Le lendemain matin, Rob retourna aux bains d'Auguste, déjeuna dans la rue de pain et de prunes fraîches, puis alla au marché choisir avec le plus grand soin un châle de prière à franges, des phylactères et deux grands caftans.
Quittant le bazar par une rue qu'il ne connaissait pas, il se trouva près de Sainte-Sophie dont il franchit les portes monumentales. Dans cet espace immense admirablement proportionné, de pilier en arc, d'arc en voûte, de voûte en coupole, les milliers de flammes des lampes à huile se reflétaient sur l'or des icônes, les murs de marbres précieux, le brocart des chasubles. La nef était presque vide. Il s'assit sous un christ torturé dont il sentit le regard le pénétrer. Curieusement, sa trahison calculée réveillait en lui un sentiment religieux. Il se leva et, debout, en silence, il affronta ce regard.
« Il faut que je le fasse. Mais je ne t'abandonne pas », dit-il à haute voix.
De retour dans sa chambre, en haut de la colline, il posa sur la table le petit carré de métal poli qui lui servait de miroir ; puis il coupa ses cheveux longs et emmêlés au-dessus des oreilles en ne laissant que les boucles rituelles, les peoth. Il se dévêtit et enfila le tsitsith avec une vague inquiétude : il lui semblait que les franges rampaient contre sa peau. Le caftan noir était moins impressionnant, ce n'était qu'un manteau long : rien de religieux. La barbe était encore clairsemée. Il arrangea les boucles sous le chapeau en forme de cloche, qui heureusement, semblait déjà vieux et usagé.
Il lui fallait un nom. « Reuven »n'avait été à Tryavna qu'une caricature hébraïque de son identité de goy.
Jesse... Un nom qui lui rappelait les lectures à haute voix que Mam lui faisait de la Bible.
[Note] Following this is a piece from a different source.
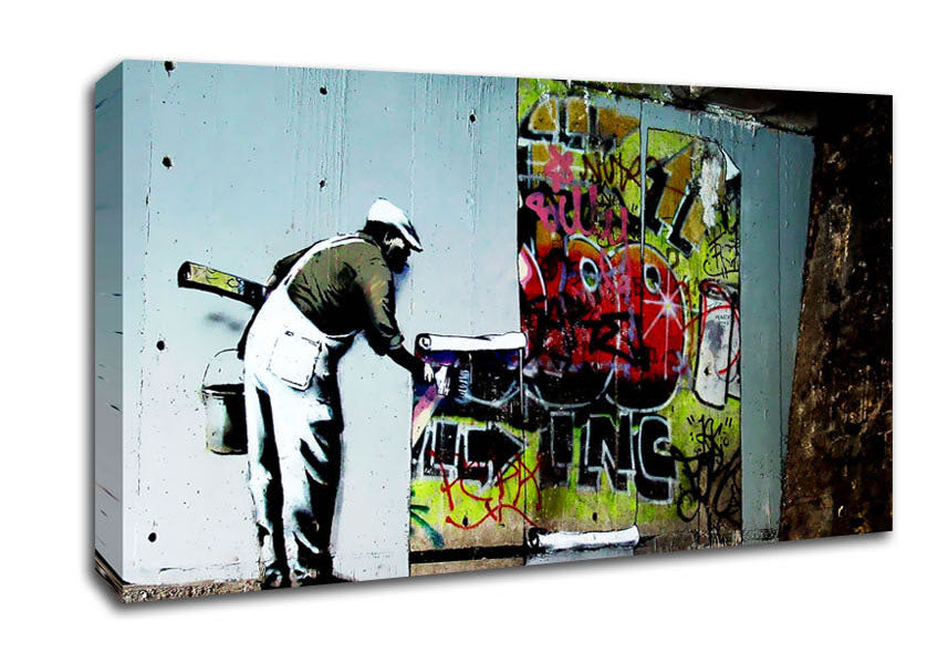 Grafitti Wallpaper Wide Canvas Print handmade in the UK. Stretched over a 2 inch thick wooden box frame, ready to hang on your wall.

Un nom fort, avec lequel on pouvait vivre : le nom du père du roi David. Puis il choisit Benjamin comme patronyme, en l'honneur de Merlin, qui lui avait appris ce qu'un médecin pouvait être. Il dirait qu'il venait de Leeds, car il se rappelait très précisément les maisons juives de là-bas.
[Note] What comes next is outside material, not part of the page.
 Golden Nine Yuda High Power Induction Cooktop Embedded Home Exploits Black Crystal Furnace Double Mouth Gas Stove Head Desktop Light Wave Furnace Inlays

Dans la rue, il eut envie de fuir en voyant trois prêtres marcher à sa rencontre ; l'un d'eux était le père Tamas. Ils allaient tous trois d'un pas lent, noirs comme des corbeaux et absorbés dans leur conversation. Rob se força à avancer et dit en les croisant :
« La paix soit avec vous. »
Le prêtre grec jeta au Juif un regard méprisant sans répondre à son salut. Calme et confiant, désormais, Jesse ben Benjamin de Leeds sourit et continua son chemin à grands pas, la main contre sa joue droite, comme le rabbenu de Tryavna quand il se promenait, perdu dans ses pensées.
TROISIÈME PARTIE
Ispahan
34. LA DERNIÈRE ÉTAPE
MALGRÉ sa nouvelle apparence, Jesse se sentait encore Rob J. Cole en se rendant au caravansérail à midi. Un important convoi préparait son départ pour Jérusalem et la grande cour n'était qu'un désordre de chameaux, d'ânes et de voitures, où se répondaient les cris des bêtes et des humains qui protestaient les uns contre les autres. Quelques chevaliers normands monopolisaient la zone d'ombre au nord des entrepôts ; vautrés par terre, ivres morts, ils insultaient les passants.